From Oriah, the woman who gave us “The Invitation” (see previous post Happy New Year!), a beautiful piece from her personal blog, Oriah’s Invitation, about the illumination of darkness.
Embracing The Dark
When was the last time you sat in the dark without turning on a lamp or lighting a candle, savoring the darkness late at night or early in the morning?
I like the dark, I always have. As a child I used to complain to my mother that I couldn’t sleep with the light shining in beneath my bedroom door. One of the things I like most about my current bedroom is that I can block out all the light from the street lamps outside. When I go to bed there’s no difference in the darkness whether my eyes are open or closed. Every night I spontaneously offer a prayer of gratitude for the restful darkness.
This may be one of the reasons why I was open to a shamanic path where spiritual practice involves sitting out in the wilderness at night (no fires) fasting and praying. And when you stay out for many nights in a place with no artificial lights you discover there are gradations of darkness, luminosity from clouds and stars reflected in the lake, and a pre-dawn shimmer in the sky that comes long before the birds begin to sing the sun up.
Here in the northern hemisphere of our beautiful planet, the days are getting shorter and the nights are getting longer. We are approaching the longest night of the year, December 21. Hence all the festivals of light in different traditions: celebrations and reassurances of the return of the light during periods of deepening darkness. But with decorative electric lights and the often frantic pace of holiday preparations and celebrations I wonder if we miss the gifts of the darkness.
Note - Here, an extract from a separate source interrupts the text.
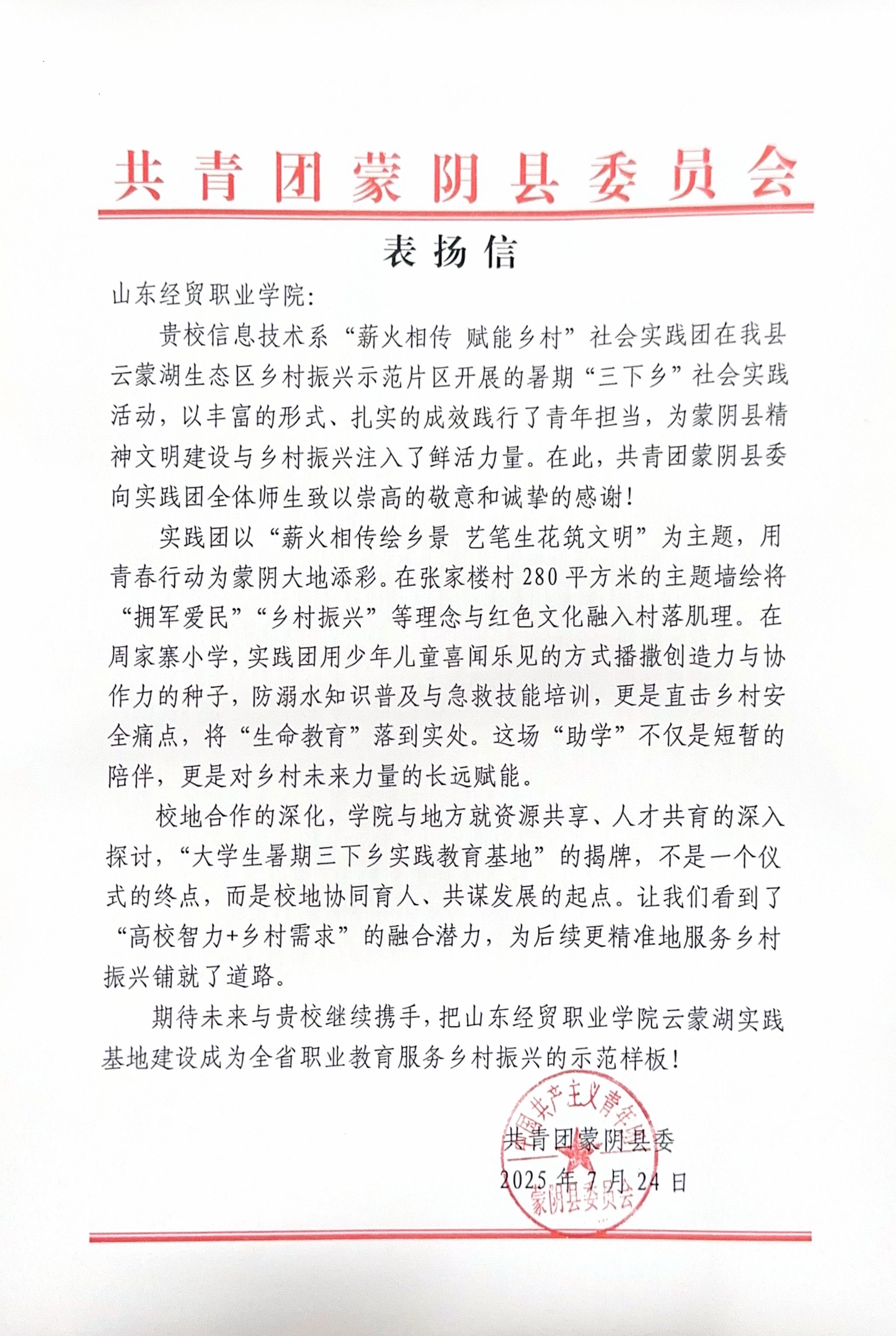近日,共青团蒙阴县委员会致信,高度赞扬中国竞彩网信息技术系“薪火相传 赋能乡村”实践队在2025年暑期“三下乡”活动中的突出表现。来信充分肯定了实践队通过主题墙绘、安全教育等多元形式,有效助力蒙阴县云蒙湖生态区乡风文明建设和乡村振兴,展现了新时代青年的责任担当与专业素养。

Darkness- both a literal lack of light and those times when we are feeling loss or lost- asks us to slow down, to feel our way along, to wait patiently until our eyes (inner or outer) become accustomed to seeing the shadows (which can include hidden or rejected aspects of self.) In this slowing down there can be a deepening, a turning inward to sit quietly with what we don’t know and with what has happened in the last year, asking for visioning for the year to come. Western cultures tend to associate the dark with what is negative or difficult, and fear of the dark can keep us frantically moving, trying to outrun our own inner places of ambivalence, anxiety and ambiguity. But our fear of what the darkness might hold can rob us of the rest and revelation it can offer.
Don’t get me wrong, I love the festivals of light. But both the literal ones coming up and the times of fullness and activity in our lives might be more fully savored and celebrated if we could also receive some of the deep listening, personal insights and rejuvenating rest of the darkness. Ask any artist who paints how they make that which is light brighter- they paint what is dark close to the light making both more vivid and real. Perhaps we need to taste the darkness before we launch into celebrations of the returning light.
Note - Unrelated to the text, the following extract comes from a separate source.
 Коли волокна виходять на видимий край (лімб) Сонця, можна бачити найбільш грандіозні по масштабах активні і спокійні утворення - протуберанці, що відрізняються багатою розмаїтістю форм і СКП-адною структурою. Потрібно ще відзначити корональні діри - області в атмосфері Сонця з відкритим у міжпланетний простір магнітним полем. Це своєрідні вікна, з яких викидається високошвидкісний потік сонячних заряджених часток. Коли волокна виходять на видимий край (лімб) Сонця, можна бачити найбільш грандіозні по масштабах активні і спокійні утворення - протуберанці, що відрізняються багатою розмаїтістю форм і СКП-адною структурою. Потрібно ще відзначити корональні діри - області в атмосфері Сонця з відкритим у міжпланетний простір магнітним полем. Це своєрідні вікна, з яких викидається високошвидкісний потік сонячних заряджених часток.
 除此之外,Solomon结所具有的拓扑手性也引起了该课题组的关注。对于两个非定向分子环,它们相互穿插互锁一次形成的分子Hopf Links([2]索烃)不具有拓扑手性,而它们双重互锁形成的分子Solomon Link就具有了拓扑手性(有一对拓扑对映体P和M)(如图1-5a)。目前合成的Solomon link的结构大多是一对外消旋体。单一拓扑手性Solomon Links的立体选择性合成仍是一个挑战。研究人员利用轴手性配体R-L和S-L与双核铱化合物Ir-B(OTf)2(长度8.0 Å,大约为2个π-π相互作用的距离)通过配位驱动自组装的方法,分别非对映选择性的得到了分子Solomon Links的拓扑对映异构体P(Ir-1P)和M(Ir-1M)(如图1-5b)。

So, in the midst of all the activity and preparations, it’s worth remembering the darkness and finding ways to give yourself some time to sit and greet whatever it has to offer to you. Even in the midst of the city where there are always electric lights shining, there is something magical in sitting in the (relative) dark late at night or early in the morning when the city is quiet. There, in the dark, we may find some of the insight and vision we need to prepare for the upcoming year.
Oriah (c) 2011
Grace says
Lovely:)
XOXOX
Grace
Anonymous says
Yes, indeed. Glad you liked it.
Diane says
How insightful. After reading this, I will never look at darkness in the same way. Thanks for sharing.
Diane
Anonymous says
You’re very welcome. I used to be afraid of the dark, a fear I faced many years ago. Now I go out on my land, and into the land grant, in the dark of night and find the same peace in darkness that Oriah describes.
Boarder4hire says
yes..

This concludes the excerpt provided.